## Dataset extract
'''

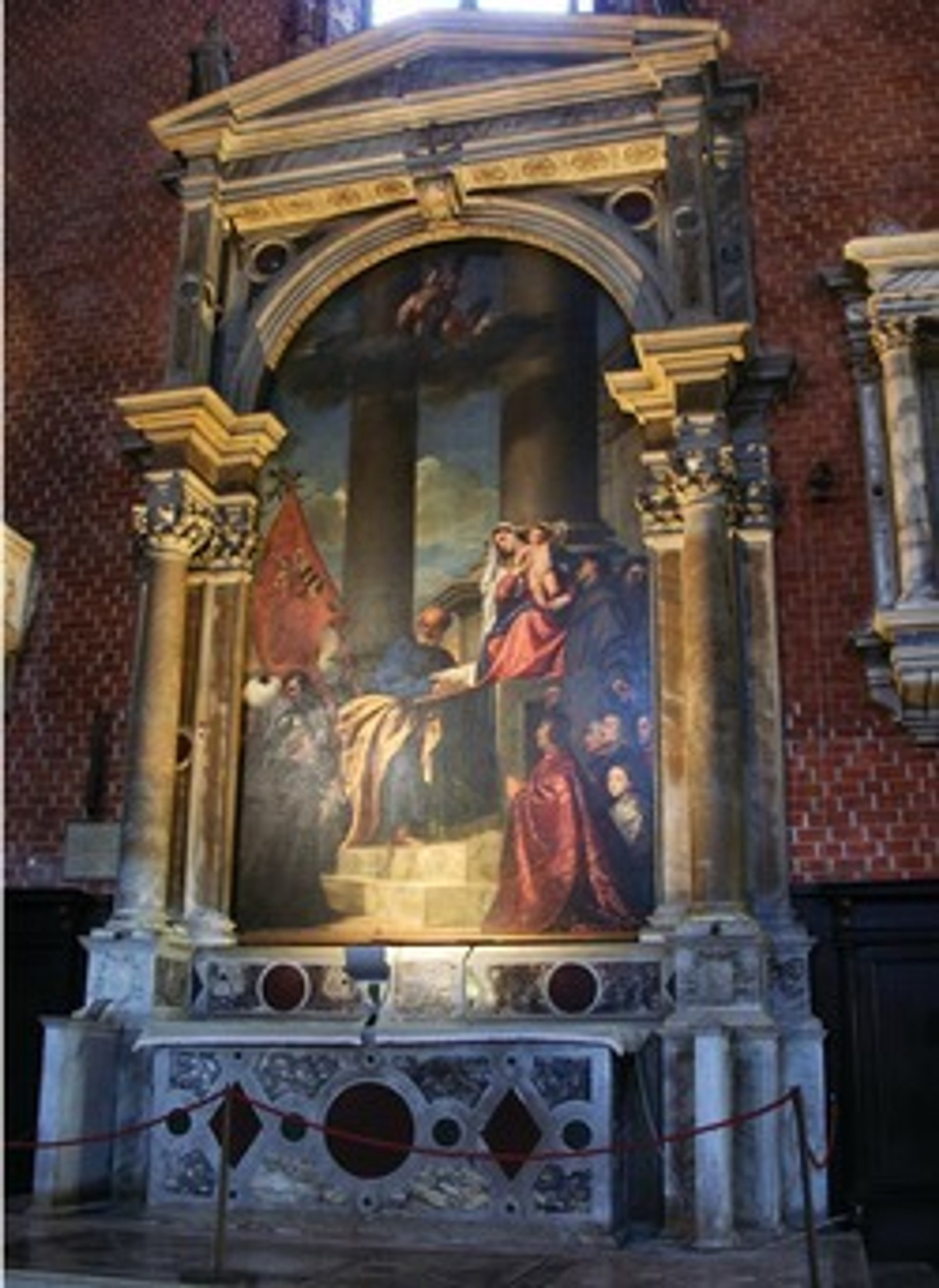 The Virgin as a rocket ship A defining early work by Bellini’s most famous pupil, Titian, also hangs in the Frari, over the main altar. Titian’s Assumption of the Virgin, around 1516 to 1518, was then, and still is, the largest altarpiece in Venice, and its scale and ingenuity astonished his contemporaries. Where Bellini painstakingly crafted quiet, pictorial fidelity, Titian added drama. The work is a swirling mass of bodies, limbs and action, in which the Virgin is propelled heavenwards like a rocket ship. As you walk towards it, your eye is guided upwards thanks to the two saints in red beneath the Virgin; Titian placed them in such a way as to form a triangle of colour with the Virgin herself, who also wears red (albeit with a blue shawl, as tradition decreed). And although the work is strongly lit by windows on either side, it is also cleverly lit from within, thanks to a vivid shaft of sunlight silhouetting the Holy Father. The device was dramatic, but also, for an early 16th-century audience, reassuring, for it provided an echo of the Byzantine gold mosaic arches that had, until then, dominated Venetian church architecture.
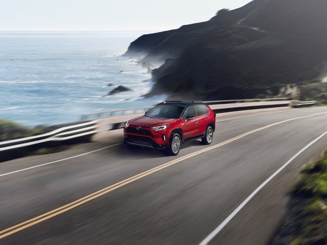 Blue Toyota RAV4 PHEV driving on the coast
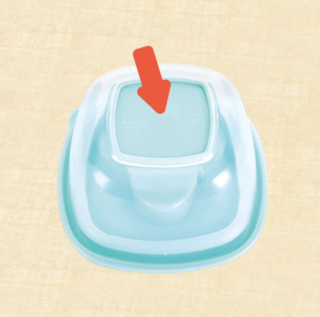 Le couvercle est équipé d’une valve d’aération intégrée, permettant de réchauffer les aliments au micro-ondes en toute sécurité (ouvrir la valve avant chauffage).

'''
'''

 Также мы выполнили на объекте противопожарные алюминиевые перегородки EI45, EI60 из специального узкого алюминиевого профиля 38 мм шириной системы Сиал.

'''
'''

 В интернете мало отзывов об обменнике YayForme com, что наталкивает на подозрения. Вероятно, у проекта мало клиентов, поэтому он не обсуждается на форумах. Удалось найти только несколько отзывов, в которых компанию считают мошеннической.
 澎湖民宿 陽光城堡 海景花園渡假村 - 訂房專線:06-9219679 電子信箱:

'''

## Directions
Using the entries above, reproduce word for word only the lines from the one that contains "Blue Toyota RAV4 PHEV driving on the coast" to the one that contains "Le couvercle est", both ends included, and drop every picture.

## Result of this exercise
 Blue Toyota RAV4 PHEV driving on the coast
 Le couvercle est équipé d’une valve d’aération intégrée, permettant de réchauffer les aliments au micro-ondes en toute sécurité (ouvrir la valve avant chauffage).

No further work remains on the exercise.